* _Action item_: Write out each line of the entries exactly, starting at the first and finishing with the line that contains "These black trousers".

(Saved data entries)

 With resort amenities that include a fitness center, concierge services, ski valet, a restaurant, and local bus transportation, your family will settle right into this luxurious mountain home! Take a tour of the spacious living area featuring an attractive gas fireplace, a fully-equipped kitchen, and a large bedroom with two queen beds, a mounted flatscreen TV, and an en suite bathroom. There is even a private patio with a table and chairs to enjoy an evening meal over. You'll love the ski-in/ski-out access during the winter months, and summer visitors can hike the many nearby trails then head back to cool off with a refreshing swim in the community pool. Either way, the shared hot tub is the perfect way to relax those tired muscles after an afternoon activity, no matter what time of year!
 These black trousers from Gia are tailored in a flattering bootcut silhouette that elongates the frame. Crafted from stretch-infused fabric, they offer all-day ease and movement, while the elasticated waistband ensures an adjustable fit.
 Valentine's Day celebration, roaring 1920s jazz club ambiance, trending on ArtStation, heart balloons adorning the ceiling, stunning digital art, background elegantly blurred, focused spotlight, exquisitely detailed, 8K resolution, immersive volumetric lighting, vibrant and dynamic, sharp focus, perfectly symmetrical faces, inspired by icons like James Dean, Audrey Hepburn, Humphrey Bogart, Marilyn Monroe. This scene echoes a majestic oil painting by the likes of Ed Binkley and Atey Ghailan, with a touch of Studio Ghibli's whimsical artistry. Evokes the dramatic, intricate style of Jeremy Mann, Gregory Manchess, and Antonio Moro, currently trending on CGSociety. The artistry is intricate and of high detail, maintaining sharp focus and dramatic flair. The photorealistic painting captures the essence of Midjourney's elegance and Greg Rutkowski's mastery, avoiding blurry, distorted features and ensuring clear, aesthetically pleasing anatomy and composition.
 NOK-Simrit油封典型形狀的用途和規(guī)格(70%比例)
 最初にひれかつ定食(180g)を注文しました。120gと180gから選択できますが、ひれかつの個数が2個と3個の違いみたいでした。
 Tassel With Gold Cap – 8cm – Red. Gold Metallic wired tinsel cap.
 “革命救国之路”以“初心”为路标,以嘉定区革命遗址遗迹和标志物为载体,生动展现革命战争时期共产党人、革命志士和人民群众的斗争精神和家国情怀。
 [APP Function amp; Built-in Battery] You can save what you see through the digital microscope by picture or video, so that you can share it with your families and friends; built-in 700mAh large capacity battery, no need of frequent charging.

* _Written solution_:
 With resort amenities that include a fitness center, concierge services, ski valet, a restaurant, and local bus transportation, your family will settle right into this luxurious mountain home! Take a tour of the spacious living area featuring an attractive gas fireplace, a fully-equipped kitchen, and a large bedroom with two queen beds, a mounted flatscreen TV, and an en suite bathroom. There is even a private patio with a table and chairs to enjoy an evening meal over. You'll love the ski-in/ski-out access during the winter months, and summer visitors can hike the many nearby trails then head back to cool off with a refreshing swim in the community pool. Either way, the shared hot tub is the perfect way to relax those tired muscles after an afternoon activity, no matter what time of year!
 These black trousers from Gia are tailored in a flattering bootcut silhouette that elongates the frame. Crafted from stretch-infused fabric, they offer all-day ease and movement, while the elasticated waistband ensures an adjustable fit.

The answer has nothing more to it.